Furthermore, we need a second function to build our NN with convolutional layers. We have to write a generator function that generates subnets using the builder function we defined above.
class SimpleCNNGenerator(adanet.subnetwork.Generator):
"""Generates a `SimpleCNN` at each iteration.
"""
def __init__(self, learning_rate, max_iteration_steps, seed=None):
"""Initializes a `Generator` that builds `SimpleCNNs`.
Args:
learning_rate: The float learning rate to use.

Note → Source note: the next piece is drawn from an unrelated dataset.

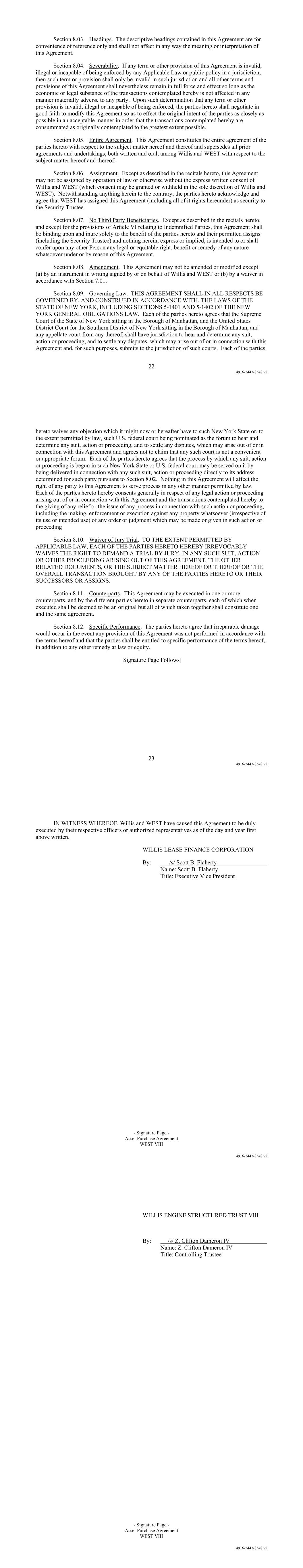 22 4916-2447-8548.v2 Section 8.03. Headings. The descriptive headings contained in this Agreement are for convenience of reference only and shall not affect in any way the meaning or interpretation of this Agreement. Section 8.04. Severability. If any term or other provision of this Agreement is invalid, illegal or incapable of being enforced by any Applicable Law or public policy in a jurisdiction, then such term or provision shall only be invalid in such jurisdiction and all other terms and provisions of this Agreement shall nevertheless remain in full force and effect so long as the economic or legal substance of the transactions contemplated hereby is not affected in any manner materially adverse to any party. Upon such determination that any term or other provision is invalid, illegal or incapable of being enforced, the parties hereto shall negotiate in good faith to modify this Agreement so as to effect the original intent of the parties as closely as possible in an acceptable manner in order that the transactions contemplated hereby are consummated as originally contemplated to the greatest extent possible. Section 8.05. Entire Agreement. This Agreement constitutes the entire agreement of the parties hereto with respect to the subject matter hereof and thereof and supersedes all prior agreements and undertakings, both written and oral, among Willis and WEST with respect to the subject matter hereof and thereof. Section 8.06. Assignment. Except as described in the recitals hereto, this Agreement may not be assigned by operation of law or otherwise without the express written consent of Willis and WEST (which consent may be granted or withheld in the sole discretion of Willis and WEST). Notwithstanding anything herein to the contrary, the parties hereto acknowledge and agree that WEST has assigned this Agreement (including all of it rights hereunder) as security to the Security Trustee. Section 8.07. No Third Party Beneficiaries. Except as described in the recitals hereto, and except for the provisions of Article VI relating to Indemnified Parties, this Agreement shall be binding upon and inure solely to the benefit of the parties hereto and their permitted assigns (including the Security Trustee) and nothing herein, express or implied, is intended to or shall confer upon any other Person any legal or equitable right, benefit or remedy of any nature whatsoever under or by reason of this Agreement. Section 8.08. Amendment. This Agreement may not be amended or modified except (a) by an instrument in writing signed by or on behalf of Willis and WEST or (b) by a waiver in accordance with Section 7.01. Section 8.09. Governing Law. THIS AGREEMENT SHALL IN ALL RESPECTS BE GOVERNED BY, AND CONSTRUED IN ACCORDANCE WITH, THE LAWS OF THE STATE OF NEW YORK, INCLUDING SECTIONS 5-1401 AND 5-1402 OF THE NEW YORK GENERAL OBLIGATIONS LAW. Each of the parties hereto agrees that the Supreme Court of the State of New York sitting in the Borough of Manhattan, and the United States District Court for the Southern District of New York sitting in the Borough of Manhattan, and any appellate court from any thereof, shall have jurisdiction to hear and determine any suit, action or proceeding, and to settle any disputes, which may arise out of or in connection with this Agreement and, for such purposes, submits to the jurisdiction of such courts. Each of the parties 23 4916-2447-8548.v2 hereto waives any objection which it might now or hereafter have to such New York State or, to the extent permitted by law, such U.S. federal court being nominated as the forum to hear and determine any suit, action or proceeding, and to settle any disputes, which may arise out of or in connection with this Agreement and agrees not to claim that any such court is not a convenient or appropriate forum. Each of the parties hereto agrees that the process by which any suit, action or proceeding is begun in such New York State or U.S. federal court may be served on it by being delivered in connection with any such suit, action or proceeding directly to its address determined for such party pursuant to Section 8.02. Nothing in this Agreement will affect the right of any party to this Agreement to serve process in any other manner permitted by law. Each of the parties hereto hereby consents generally in respect of any legal action or proceeding arising out of or in connection with this Agreement and the transactions contemplated hereby to the giving of any relief or the issue of any process in connection with such action or proceeding, including the making, enforcement or execution against any property whatsoever (irrespective of its use or intended use) of any order or judgment which may be made or given in such action or proceeding Section 8.10. Waiver of Jury Trial. TO THE EXTENT PERMITTED BY APPLICABLE LAW, EACH OF THE PARTIES HERETO HEREBY IRREVOCABLY WAIVES THE RIGHT TO DEMAND A TRIAL BY JURY, IN ANY SUCH SUIT, ACTION OR OTHER PROCEEDING ARISING OUT OF THIS AGREEMENT, THE OTHER RELATED DOCUMENTS, OR THE SUBJECT MATTER HEREOF OR THEREOF OR THE OVERALL TRANSACTION BROUGHT BY ANY OF THE PARTIES HERETO OR THEIR SUCCESSORS OR ASSIGNS. Section 8.11. Counterparts. This Agreement may be executed in one or more counterparts, and by the different parties hereto in separate counterparts, each of which when executed shall be deemed to be an original but all of which taken together shall constitute one and the same agreement. Section 8.12. Specific Performance. The parties hereto agree that irreparable damage would occur in the event any provision of this Agreement was not performed in accordance with the terms hereof and that the parties shall be entitled to specific performance of the terms hereof, in addition to any other remedy at law or equity. [Signature Page Follows] - Signature Page - Asset Purchase Agreement WEST VIII 4916-2447-8548.v2 IN WITNESS WHEREOF, Willis and WEST have caused this Agreement to be duly executed by their respec

max_iteration_steps: The number of steps per iteration.
seed: The random seed.
Returns:
An instance of `Generator`.
"""
self._seed = seed
self._dnn_builder_fn = functools.partial(
SimpleCNNBuilder,
learning_rate=learning_rate,
max_iteration_steps=max_iteration_steps)
def generate_candidates(self, previous_ensemble, iteration_number,
previous_ensemble_reports, all_reports):
"""See `adanet.subnetwork.Generator`."""
seed = self._seed
# Change the seed according to the iteration so that each subnetwork
# learns something different.
if seed is not None:
seed += iteration_number
return [self._dnn_builder_fn(seed=seed)]
Now, we can prepare a set of hyperparameters and run the model:
#@title Parameters
LEARNING_RATE = 0.05 #@param {type:"number"}
TRAIN_STEPS = 5000 #@param {type:"integer"}
BATCH_SIZE = 64 #@param {type:"integer"}
ADANET_ITERATIONS = 2 #@param {type:"integer"}
max_iteration_steps = TRAIN_STEPS // ADANET_ITERATIONS
estimator = adanet.Estimator(
head=head,
subnetwork_generator=SimpleCNNGenerator(
learning_rate=LEARNING_RATE,
max_iteration_steps=max_iteration_steps,
seed=RANDOM_SEED),
max_iteration_steps=max_iteration_steps,
evaluator=adanet.Evaluator(
input_fn=input_fn("train", training=False, batch_size=BATCH_SIZE),
steps=None),
adanet_loss_decay=.99,
config=config)
results, _ = tf.estimator.train_and_evaluate(
estimator,
train_spec=tf.estimator.TrainSpec(
input_fn=input_fn("train", training=True, batch_size=BATCH_SIZE),
max_steps=TRAIN_STEPS),
eval_spec=tf.estimator.EvalSpec(
input_fn=input_fn("test", training=False, batch_size=BATCH_SIZE),
steps=None))
print("Accuracy:", results["accuracy"])
print("Loss:", results["average_loss"])
INFO:tensorflow:Loss for final step: 0.023453332.
Accuracy: 0.9875
Loss: 0.039442677
Comparison to auto-keras
Auto-Keras achieves an accuracy of 0.9879 after 30 minutes of architecture search on the (identical) MNIST dataset. AdaNet leads to an acc of 0.9875 after roughly 15 mins (I did not time it).